Your objective: Type the data below again exactly. Omit all pictures.
>>>>
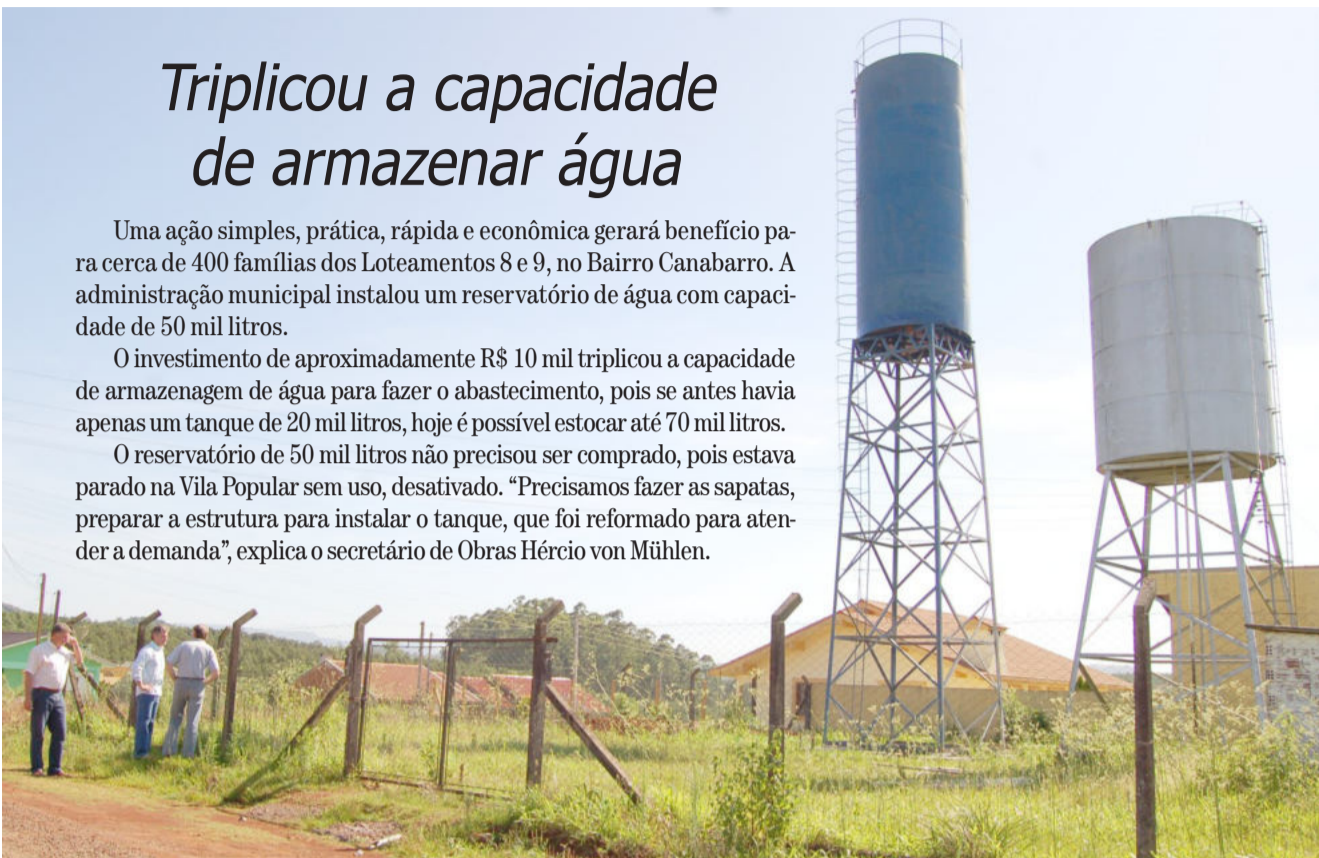
Implantação de caixa de água no Loteamento 8
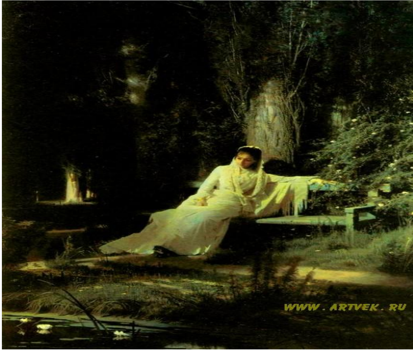
«Moonlit Night», 1884.
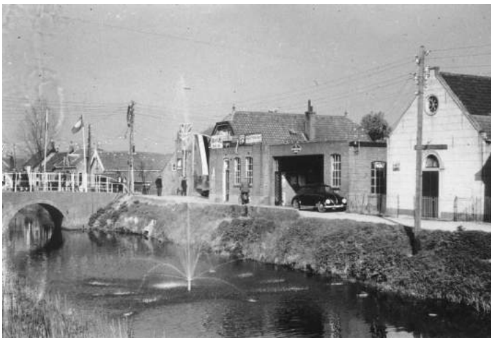
Foto 21 Links. Begin van de Molenlaan langs de boezem (vanaf de eerste Heulbrug naar de Wiekstraat) (1949). Op de hoek Garage G. van Pelt, daar naast de zaal van het Leger des Heils Molenlaan 2).

Een deel van de Molenlaan was al te zien op foto's 15 en 17.
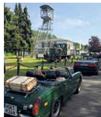
Die Auto-Tour beim Zwischenstopp am Besucherbergwerk Ramsbeck
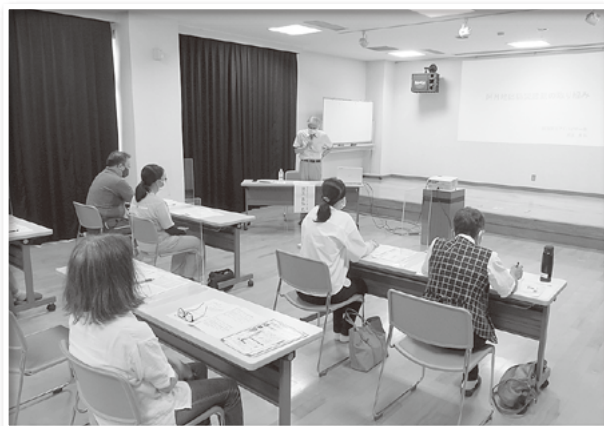
防災組織結成・活性化に取り組んでおられます。
<<<<
Exercise answer:
Implantação de caixa de água no Loteamento 8
«Moonlit Night», 1884.
Foto 21 Links. Begin van de Molenlaan langs de boezem (vanaf de eerste Heulbrug naar de Wiekstraat) (1949). Op de hoek Garage G. van Pelt, daar naast de zaal van het Leger des Heils Molenlaan 2).

Een deel van de Molenlaan was al te zien op foto's 15 en 17.
Die Auto-Tour beim Zwischenstopp am Besucherbergwerk Ramsbeck
防災組織結成・活性化に取り組んでおられます。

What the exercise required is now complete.